Jenna Bigornia is a Partner in the Boston office

On Jan. 4, 2018, the HHS Office of Inspector General (OIG) issued an open letter containing guidance regarding the provision of certain free drugs to federal healthcare program beneficiaries. Specifically, the OIG stated that it will not pursue administrative sanctions against drug companies who provide free drugs to federal healthcare program beneficiaries in 2018, if the beneficiaries were receiving cost sharing assistance from a patient assistance program called Caring Voice Coalition, Inc. (CVC) as of Nov. 28, 2017, and other conditions are satisfied. CVC recently announced that it will not be providing patient assistance in 2018.

This letter follows on the OIG's Nov. 28, 2017 rescission of advisory opinion 06-04. As described previously in this blog, the OIG stated in advisory opinion 06-04 that it would not impose sanctions in connection with a nonprofit, charitable patient assistance program's practice of providing financially needy Medicare beneficiaries assistance with their out-of-pocket drug costs, given that certain protections were in place. In November 2017, the OIG rescinded that opinion, stating that the charity had not fully implemented all of the safeguards that the charity had certified were in place. In its November 2017 rescission notice, the OIG noted that if the charity decided to cease operations because of the notice, drug companies wishing to provide free drugs to affected patients "may contact OIG if they have fraud and abuse concerns." 

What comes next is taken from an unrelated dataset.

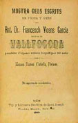 Mostra dels escrits del Dr. Francesc Vicens Garcia, rector de Vallfogona´precedida de quatre notes biogràfiques... Ramon Corbella Llobet. Tercera edició revisada. Impremta i Llibreria Ausetana. Vic, 1912. El Rector de Vallfogona. Joan Amades, .Narracions populars, vol. III. . Dibuixos de Barrillon. Graf. Calmell. Barcelona,1938. |

In its January letter, the OIG explained that while the absence of a favorable advisory opinion does not require a company to discontinue its practices, CVC ultimately determined that it will not provide the financial assistance in question in 2018. Patients who previously received assistance from CVC may therefore be negatively affected. The OIG noted that it has in some instances approved of arrangements whereby drug companies would provide free drugs to patients, but those programs must be properly structured to avoid a heightened risk of fraud and abuse. 

The OIG stated that, in this narrow circumstance, it would not impose sanctions on drug companies who provide free product to federal healthcare program beneficiaries who were receiving financial assistance from CVC for those drugs as of November 28, 2017. Other safeguards must also be in place, including the following: the free drugs must be awarded without regard for the beneficiary's choice of provider or health plan (with some exception for direction to a particular pharmacy); the free drugs must not be billed to any federal healthcare program or counted toward the beneficiary's Part D true out-of-pocket costs (TrOOP); the provision of free drugs must not be contingent on any future purchase; and the drug company must maintain complete records of the free drugs that it provides.

The OIG specifically limited its January letter by stating that the letter does not provide general guidance to drug companies wishing to provide free drugs, and that it applies only to programs applicable to those beneficiaries who received financial assistance from CVC. Notwithstanding this limitation, it may be worth following the issue to see if it marks part of a trend toward an OIG preference for free drug programs over patient copay assistance programs.